Of that stock prices in the long term will continue to up and down in conjunction with the performance of the company, but in the short term it will be left and right by "supply and demand relationship". And supply and demand of stock, is the point that varies depending on the speculation of market participants. Specifically, by the gap between the expected average and the reality of the market participants, stock prices will fluctuate.

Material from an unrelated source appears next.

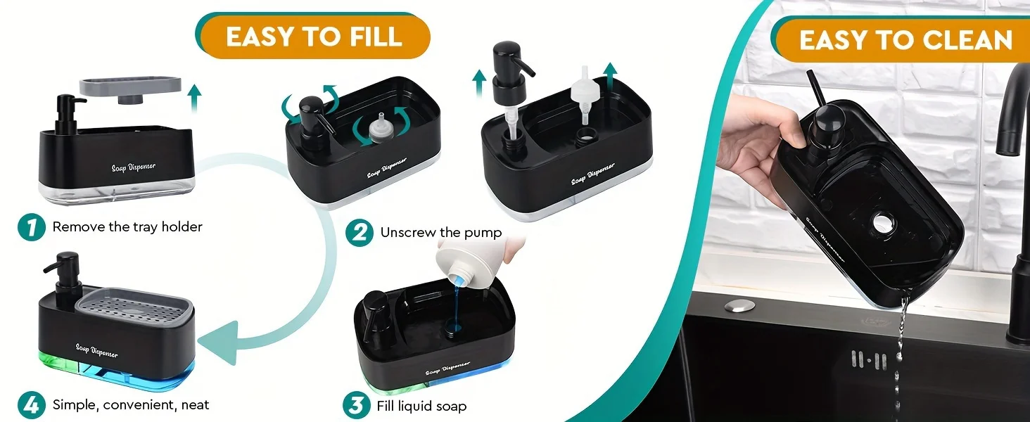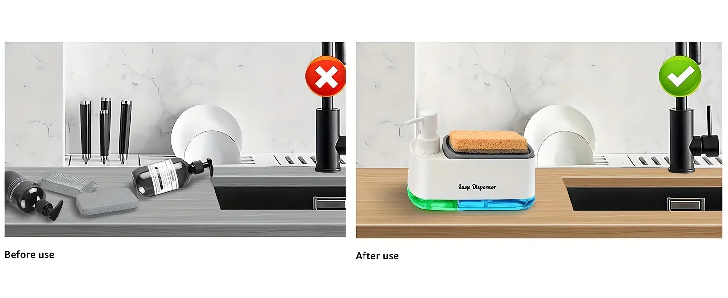 ¡Dile adiós al desorden y mejora tu experiencia de lavado con nuestro Dispensador de Jabón Líquido para Cocina 2 en 1
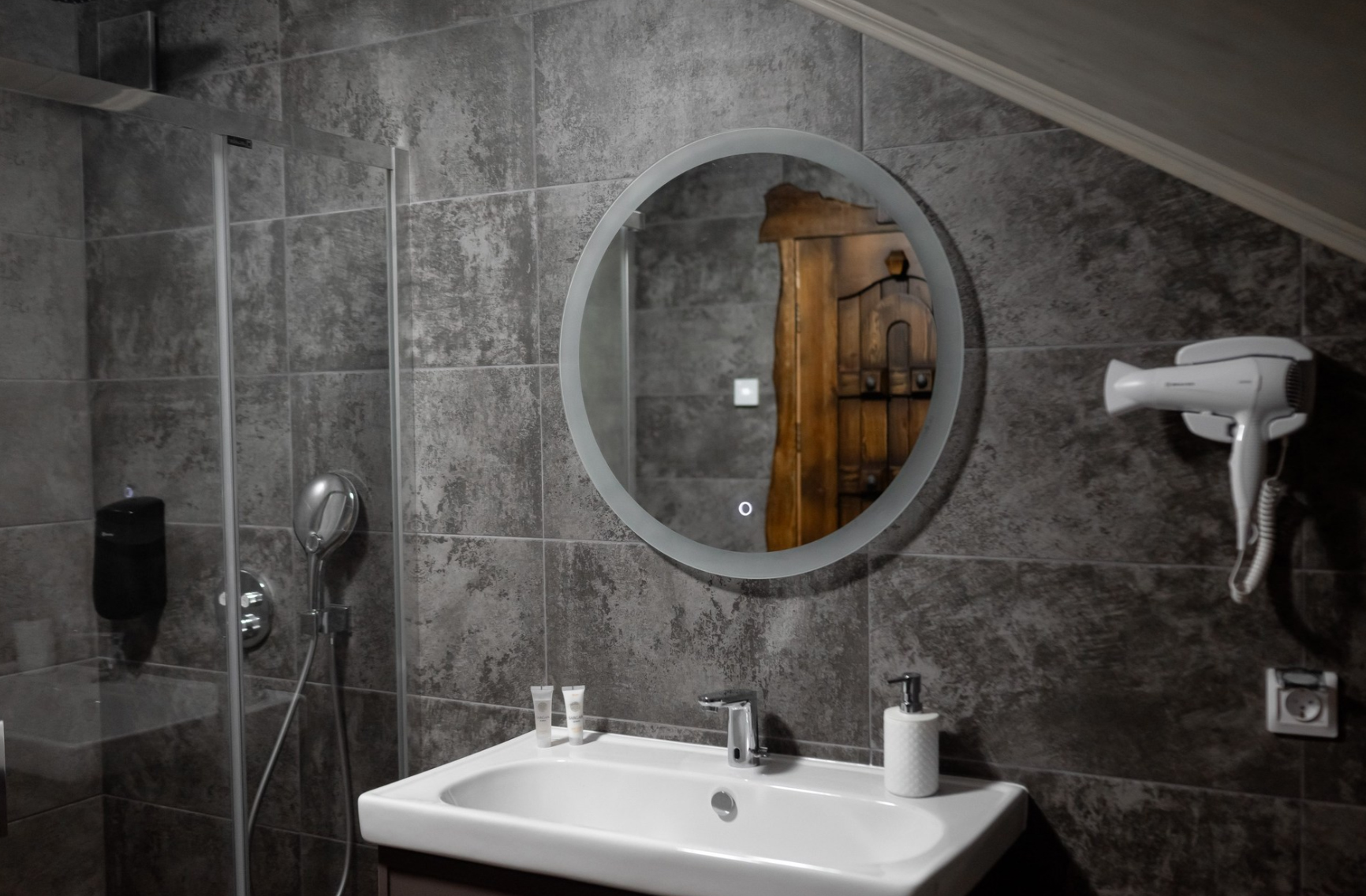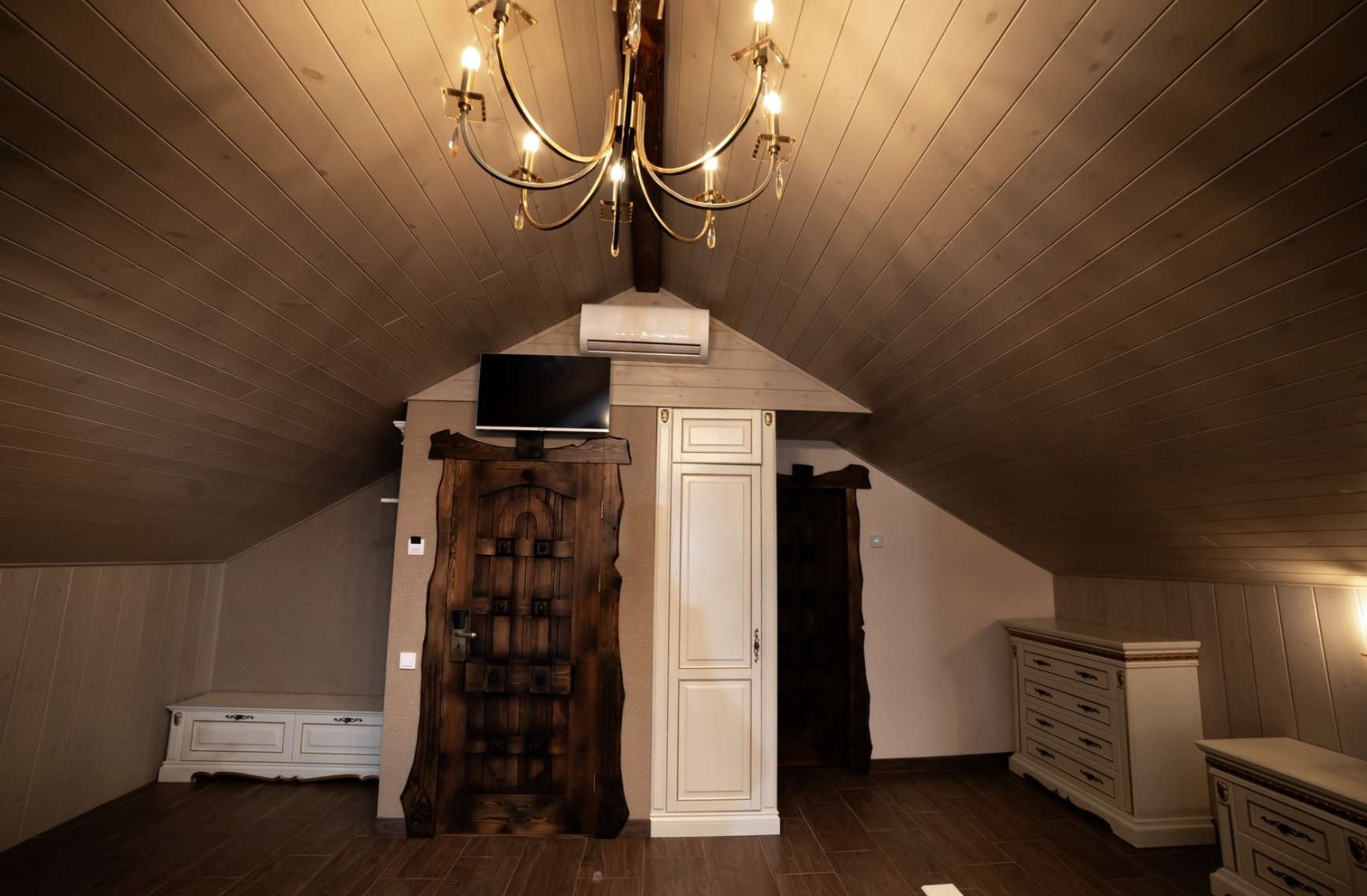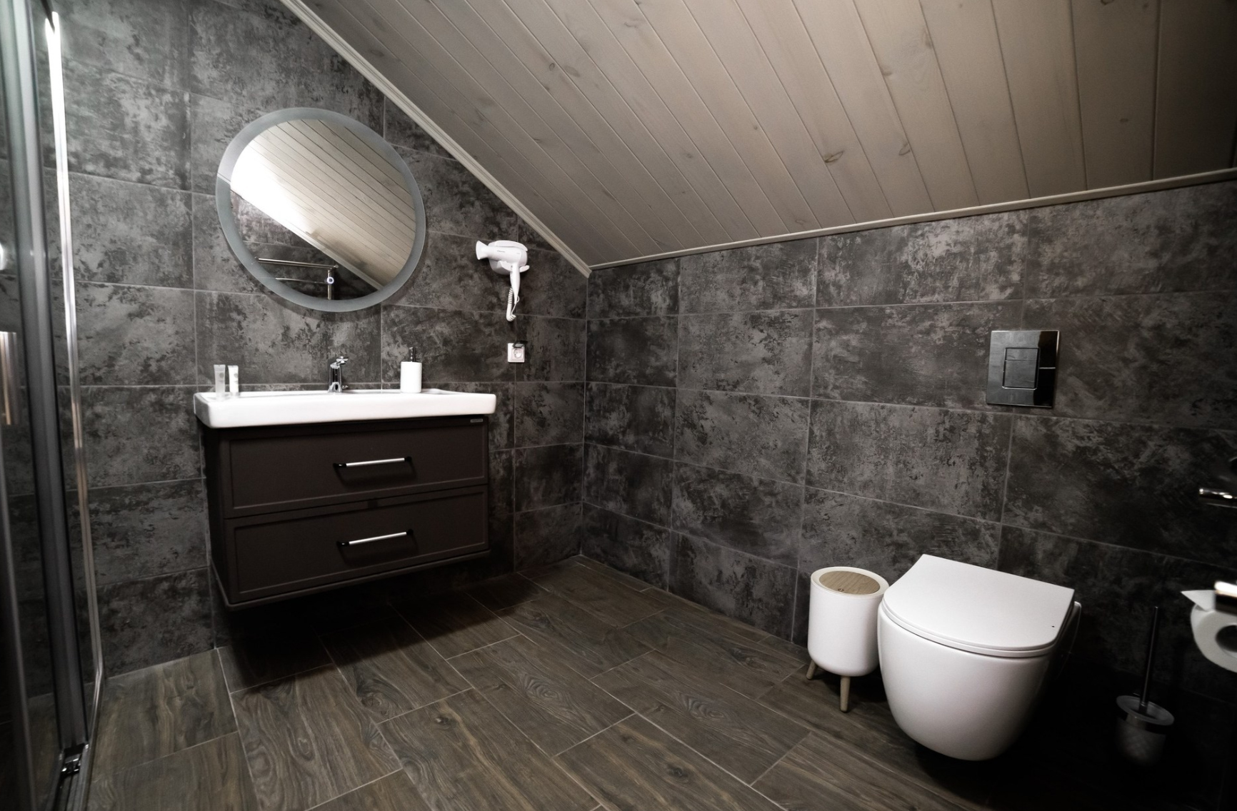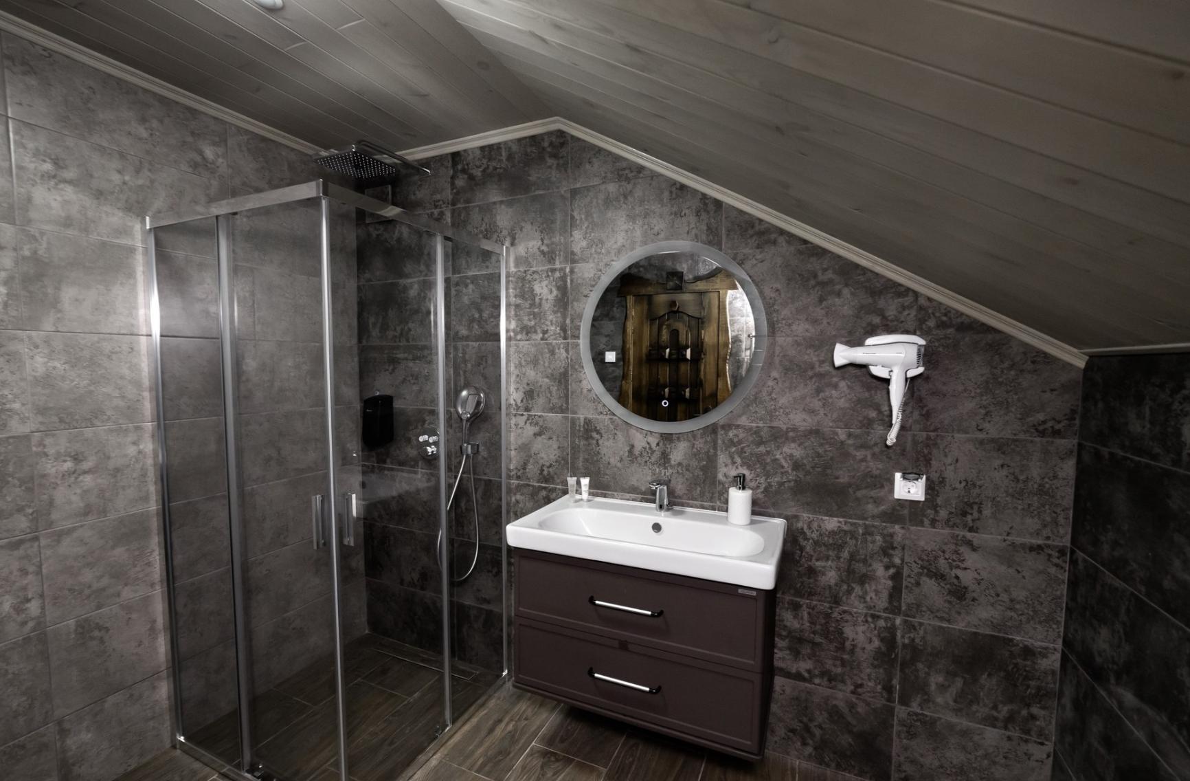 Двухкомнатный люкс высокой комфортности готовы к приёму самых взыскательных гостей. Отделаны экологически чистыми материалами , мебелью из дуба. Их отличает элегантный авторский дизайн. Панорамные окна и отдельный выход на лоджию, свидом на речку! В лобби вы получаете свободный доступ к кухне с полным набором кухонной техники , посуды и приборов! Площадь номера 40м2.

For example, if a company balance sheet is in large deficit, I and many market participants are expected. But in actual earnings announcement, when deficit of the company was small much than expected, it's said to be in "bad news" but "good material". Since the deficit closing of I, but the absolute evaluation basis is no difference in negative material, it will be positive material as a relative evaluation as seen from market expectations.

In other words, news about a company is, it can not be determined by either good news or bad news only itself, whether it is a pre-woven market is how much good material, bad news is it is important. Stock prices, expected and prior market participants, I change by the relative difference between the actual announcement.

Do market participants is what expected, analysts expected the average value (aka: market consensus) will be applicable to it. Major securities companies and, at the Goldman Sachs and Morgan Stanley from investment banks, issue the expectation that what happens is earnings to earnings announcement just before the company. Deviation of the average value of their analysts and the financial results announcement, you have been involved heavily on the top and bottom of the stock price.
Analysts expected (market consensus), such as Yahoo Finance and MSN Money, has been published in each issue page of major stock information site. There is a link called "financial results and performance expected" at the bottom of the individual stocks page if Yahoo! Finance, in MSN Money on the bottom of the left menu of individual stocks page there is orchid called "evaluation and prediction", here in sales and one stock profits I find out the average value of the analysts expected such.

By the way, although there is also such as sites that give the average of forecasts of individual investors by questionnaire, or many people to answer a lie, because the first place move funds amount is less than the institutional investors, they do not have any relevance to the stock price . Importantly only, is the expected average of institutional investors.

In addition, such as PER and PBR is high growth stocks (growth stocks) is the first place that it assumes that you continue the good performance and positive earnings market is watching. So where was announced a bit of positive earnings, they are already more likely is a foldout already in stock. Such as Nintendo is a classic example, but the performance stock price plunged even better, share price at worst is performance even a little as this may result in stop depreciation.

Low PER and PBR "value stocks" on the contrary, the first place because the market is companies that do not expect a good performance, closing stock price is to not fall so much in a little bad position, at once stop high and good news even a little comes out I will be or become barrage.